Generation Cedar

“I know these parents love their children…so why don’t they raise them?”

In the recent shadow of Obama’s “infant education plan”, and other discussions like it, I am burdened for our culture’s flippancy at handing our young children over to others for their raising. I’m not talking about the terrible circumstance where a mother has been thrust into an impossible situation where she must depend on child care–and it should be treated as such, I’m talking about the absurd expectation that a young child fares better under someone else’s instruction.

I spoke with a woman (she was a Christian) recently who pointed to her little girl and said,

“She’s about to start 3-year-old kindergarten…well, she’s not 3 yet, but she needs to learn to share. She and her sister don’t know how.”

On several levels this woman has been deceived. First, why do we call it “kindergarten” for 3 year-olds? (It’s also now common to call daycare, for any age, “school.”) Do you know why kindergarten was originally established? To provide a “catch up” time for the unfortunate children who didn’t have parents that spent any time reading or nurturing them, and so they were “behind” developmentally.

Secondly, she hasn’t been given the confidence (WHERE ARE ALL THE OLDER WOMEN!) that she is quite capable of teaching her daughter the most basic of habits.

And obviously, she doesn’t see what she will miss by sending her two-year-old away, nor what unfortunate characteristics, much worse than not sharing, her daughter will inherit at “school.”

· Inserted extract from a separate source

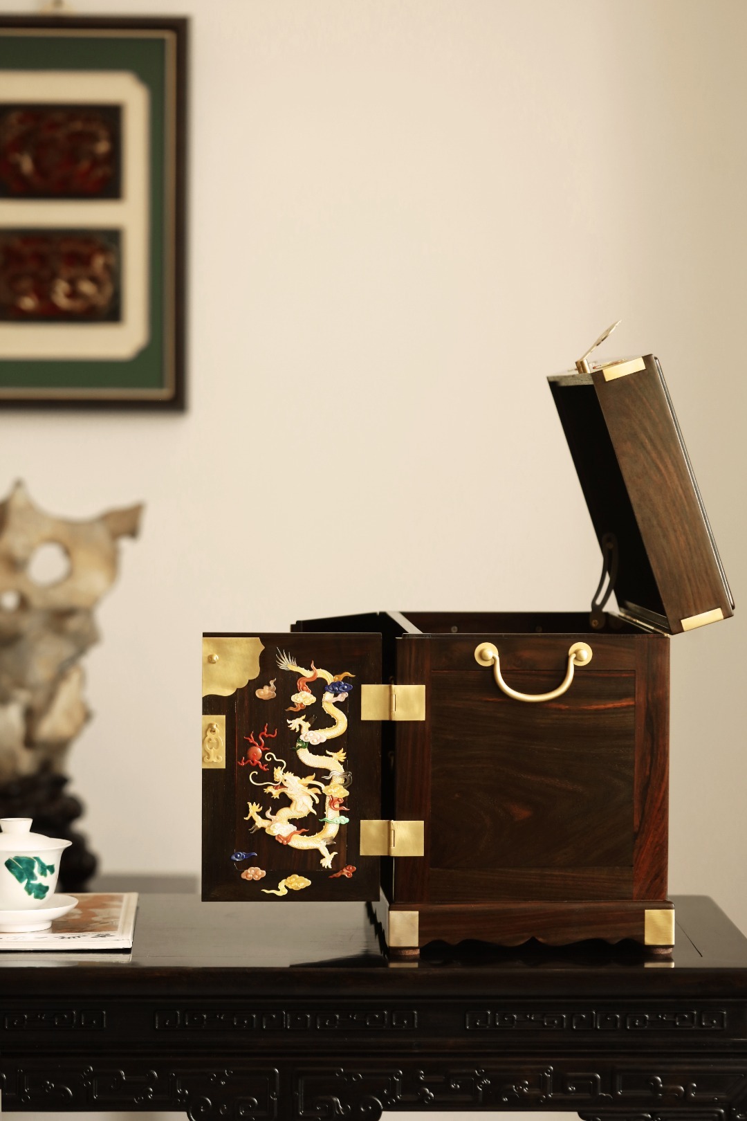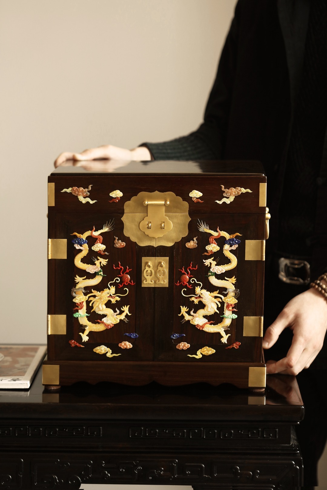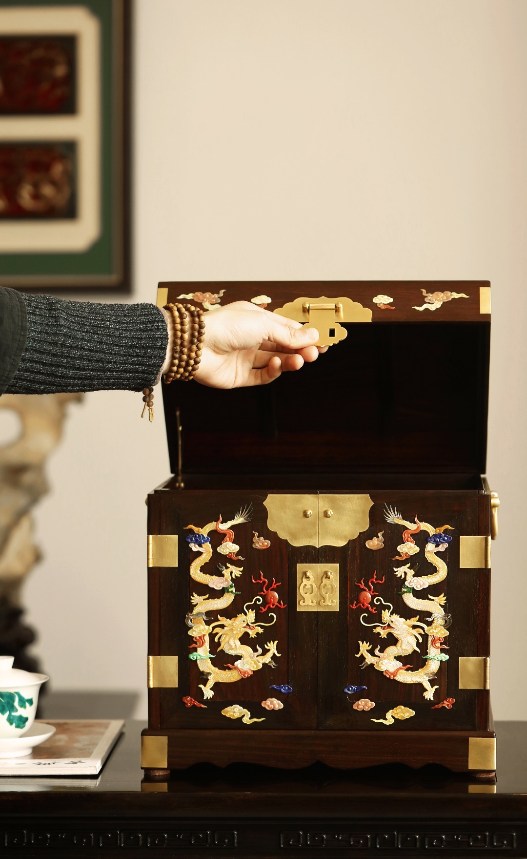 精选大红酸枝老料,全独板,百宝嵌雕双龙戏珠,姿声生动,色呈五彩流光金溢,祥云纹环绕尽显匠心,整器方正典尊贵奢华,多格收纳,传承臻品可宝可藏!

Why do you think parents have bought into this idea that the earlier their children “go to school” the more successful they will be? We are being deceived into thinking that parents are not the best ones for the job of raising children.

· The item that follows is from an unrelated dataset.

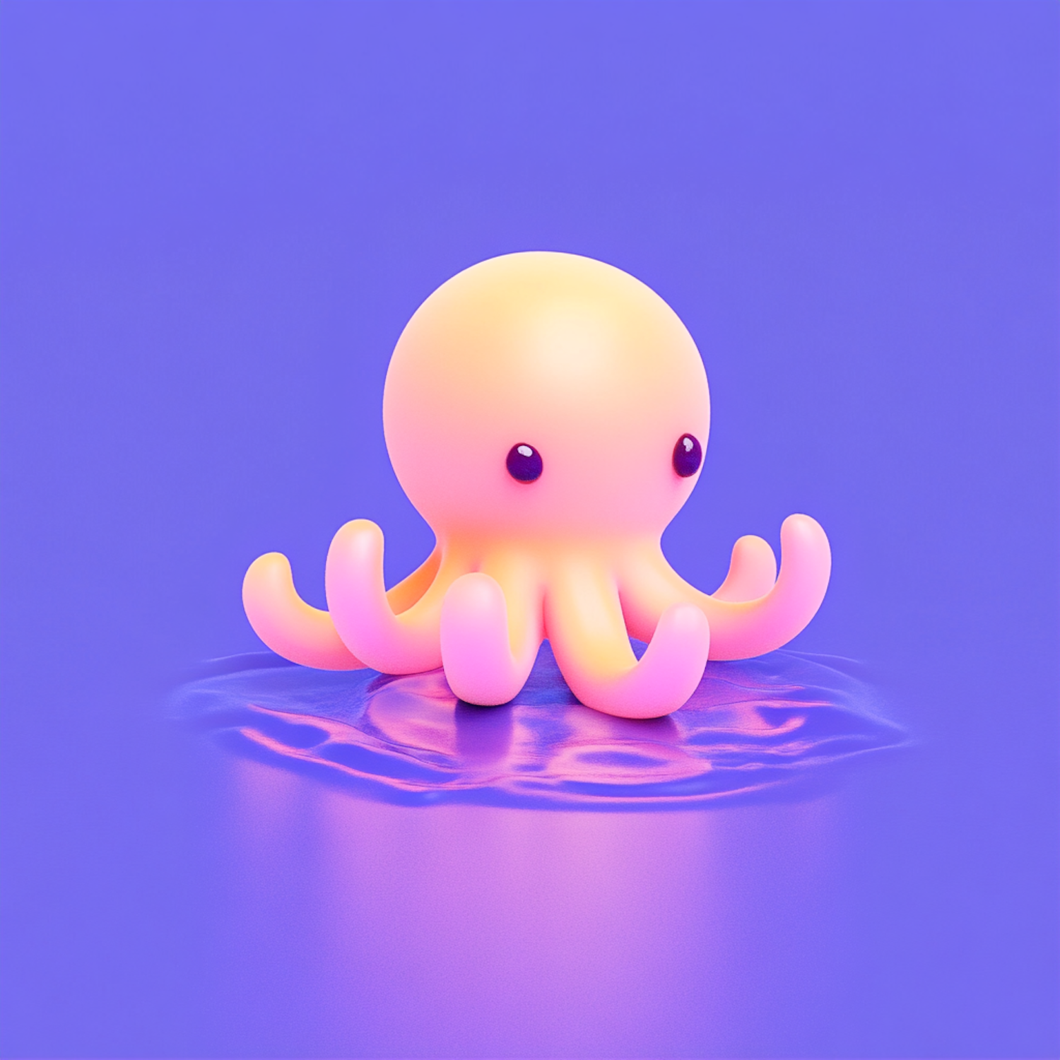 Adorable cartoon octopus with pastel colors on a purple background, featuring a cute expression and reflective surface.

I have to question–at the root of it, is it just easier to send our young children to “school”, where we have the false perception that they are getting ahead, thus relieving any guilt and even giving us an added sense of pride for the “favor” we are doing them?

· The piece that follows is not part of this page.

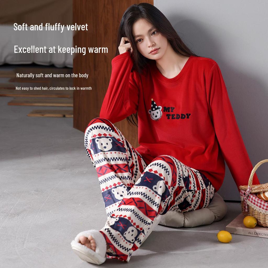 Оставайтесь в уюте и стиле в этих женских рождественских пижамах с мишками из красного бархата. Идеально подходит для осени, зимы и весны, этот комплект изготовлен из высококачественного полиэстера и оснащен мягким мехом из велюра Sea Island, обеспечивая комфорт и воздухопроницаемость в холодное время года.. Эти пижамы с длинными рукавами для дополнительного тепла идеально подходят для уютного отдыха дома, предлагая восхитительное сочетание комфорта и праздничного очарования.

It boggles my mind. The irony that nature itself just teaches us that children belong to parents, and that obvious fact is being ignored by so many! And perpetuated! No years are more crucial and precious in the developing of relationships, character and well-being than those early years. And no one is better equipped to teach, love and train them than a mother.

Barring extreme and unfortunate circumstances, if we were a society with any sense at all, we would be insisting that the best situation is for little ones to be home, not instilling fear and guilt into parents over the possibility of “leaving them behind”.

I would challenge all you “older women” out there to be kind enough to speak to younger mothers about this. I mentioned in an earlier post that not one woman in my life said anything to me about leaving my 5-month old with someone else while I went to work. I so wish there had been one. That is the very essence of “teaching the younger women to love their husbands and children”. It’s not meddling; it’s obeying the word.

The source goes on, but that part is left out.